- _What you need to do_
The answer should hold only the lines from the one containing "7月29日,在陇南市武都区黄" through the one containing "12月2日上午,信阳市固始商" in the entries below, copied exactly, without pictures.

- _Supplied data_

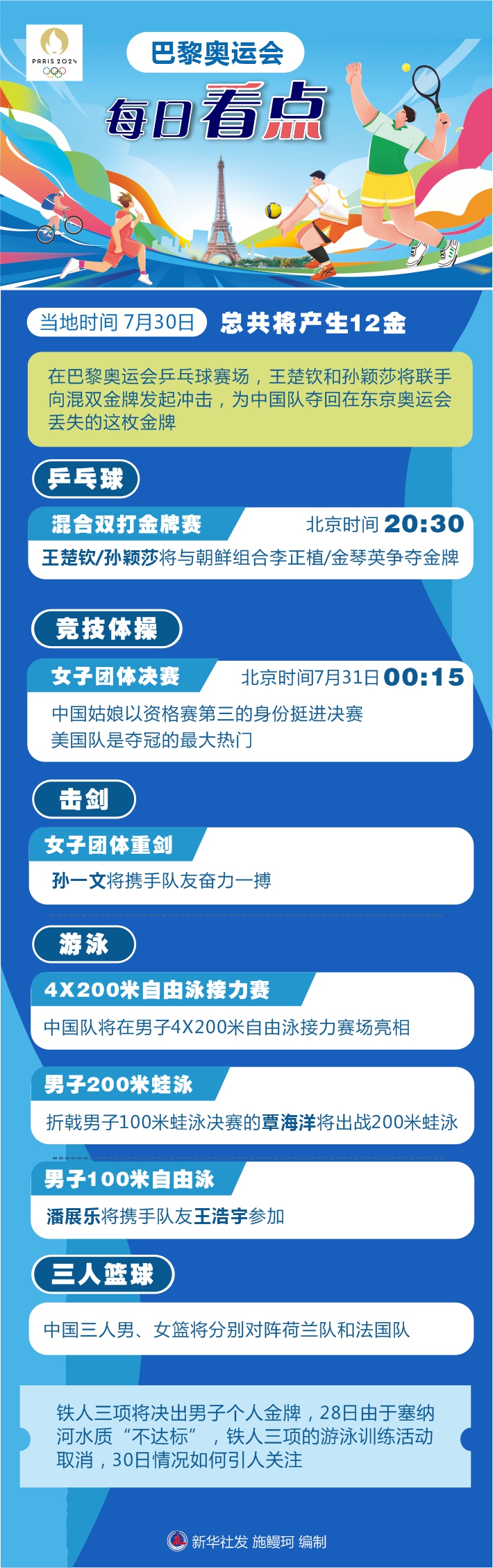 | 巴黎奧運(yùn)會|30日看點(diǎn):“莎頭組合”沖! |
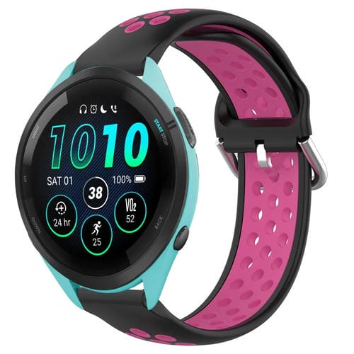 Banda de Reloj Garmin Forerunner 265 Music 22mm Silicona Deportiva Transpirable (Negro + Rojo Rosa)
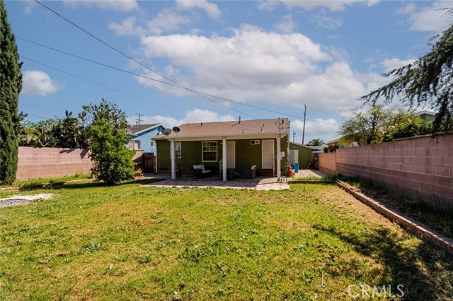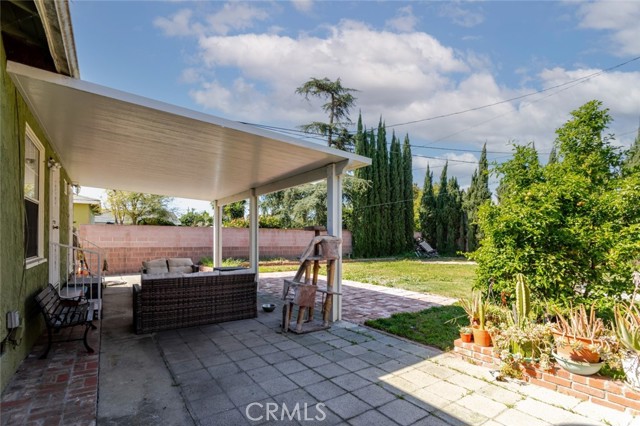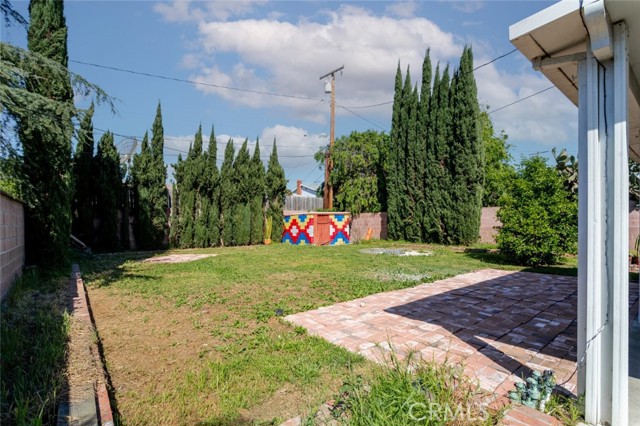 A private backyard oasis, an oversized entertainer's paradise surrounded by mature Cypress and fruit trees, with a large grassy area, brick and stamped concrete patio details, and ample room to relax, host guests, or play. A long driveway leads to an attached 2-car garage, providing plenty of parking and storage.
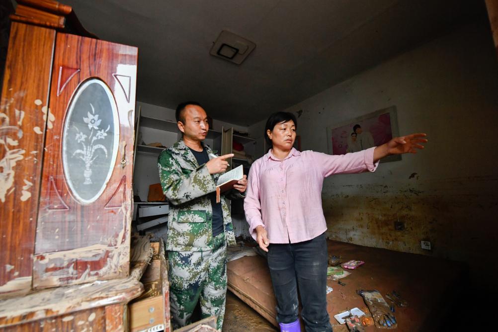 7月29日,在陇南市武都区黄坪镇黄坪村,赵春亮(左)入户查看灾情。新华社记者郎兵兵 摄
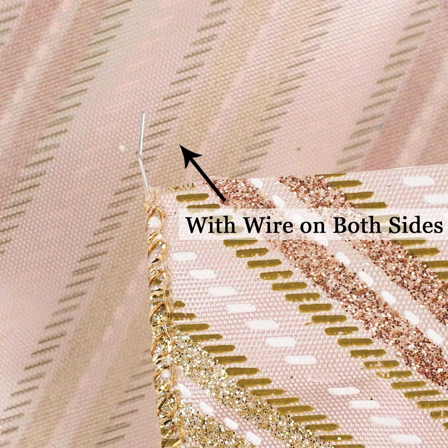 - Our lovely pink satin ribbon features a vibrant pattern of rose gold and champagne gold stripes, adding a cheerful touch to your creations. Measuring 2-1/2 inches wide and 10 yards (approx. 30 feet) in length, this ribbon is designed with wired edges for easy shaping, making it perfect for your special occasions and decor!
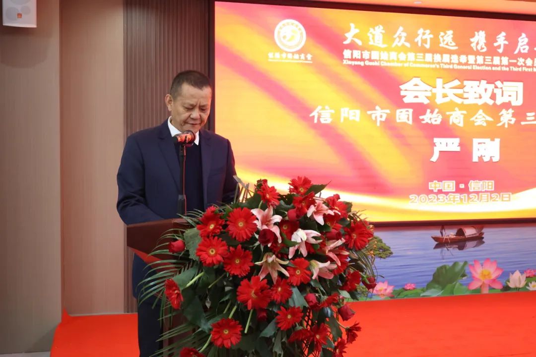 12月2日上午,信阳市固始商会三届一次会员代表大会在信阳市固始商会顺利召开。会上,胡族籍企业家严刚当选信阳市固始商会第三届会长。市政协副主席、工商联主席李俊杰,市委统战部副部长、市工商联党组书记、常务副主席宋昊,市民政局党组书记、局长方建平,县人大常委会主任苏锦峰,县委常委、统战部部长胡冰等领导,信阳市湖北商会、新疆固始商会、合肥固始商会及在信阳的固始企业家代表等100余人到场祝贺。
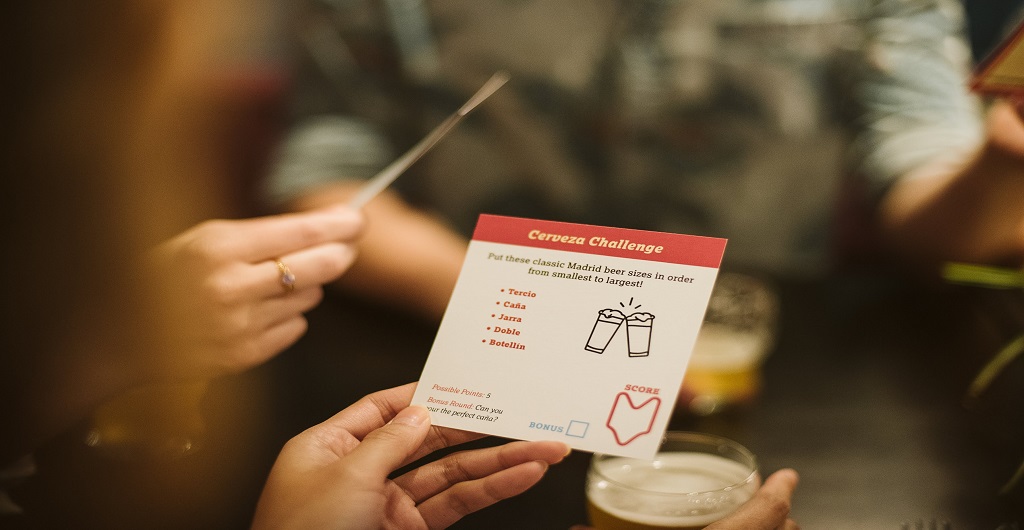 “El año pasado lanzamos un tour de team building que diseñamos específicamente para unir equipos a través de una serie de pruebas interactivas relacionadas con la gastronomía española”, nos señala Amy Bingham de Devour Tours. ¿En qué consistió? El día 3 de abril se organizó un Tapas Challenge en Barcelona para un grupo de 41 executivos durante su Global Leadership Meeting. “La organizadora quería una cena diferente que incorporara algo local, y que facilitara al grupo conocer mejor la ciudad de Barcelona tras estar todo el día en reuniones”, nos señala Amy. Empezaron en la Plaça d’Antonio López a las 19:00 dividiendo el grupo en tres equipos, dirigidos por un guía, cada grupo visitaba tres bares y en cada uno recibió un ‘challenge card’ con la prueba que el equipo tuvo que completar. En uno, aprendieron hacer pan con tomate, con su ajo, aceite y sal. Después compitieron en un relay y el equipo que preparó el pan con tomate más rápido, ganó los puntos. En otro bar (esta vez de dueños vascos) los equipos descubrieron las normas “no escritas” de tapear y ganaron sus puntos en un cuestionario súper divertido mientras probaban pintxos y txakoli. Y para la tercera prueba, visitaron un bar de vinos para poner a prueba su talento de catar a ciegas. Una vez que terminó los tres challenges, los grupos se juntaron en un restaurante en el barrio del Born. Con una copa de vino en mano, esperaban los resultados de la competición. Con 56 puntos, ¡Team Croqueta fue el ganador! Ganaba como premio unos dulces de la pastelería más antigua de la ciudad.

- _Finished task_
 7月29日,在陇南市武都区黄坪镇黄坪村,赵春亮(左)入户查看灾情。新华社记者郎兵兵 摄
 - Our lovely pink satin ribbon features a vibrant pattern of rose gold and champagne gold stripes, adding a cheerful touch to your creations. Measuring 2-1/2 inches wide and 10 yards (approx. 30 feet) in length, this ribbon is designed with wired edges for easy shaping, making it perfect for your special occasions and decor!
 12月2日上午,信阳市固始商会三届一次会员代表大会在信阳市固始商会顺利召开。会上,胡族籍企业家严刚当选信阳市固始商会第三届会长。市政协副主席、工商联主席李俊杰,市委统战部副部长、市工商联党组书记、常务副主席宋昊,市民政局党组书记、局长方建平,县人大常委会主任苏锦峰,县委常委、统战部部长胡冰等领导,信阳市湖北商会、新疆固始商会、合肥固始商会及在信阳的固始企业家代表等100余人到场祝贺。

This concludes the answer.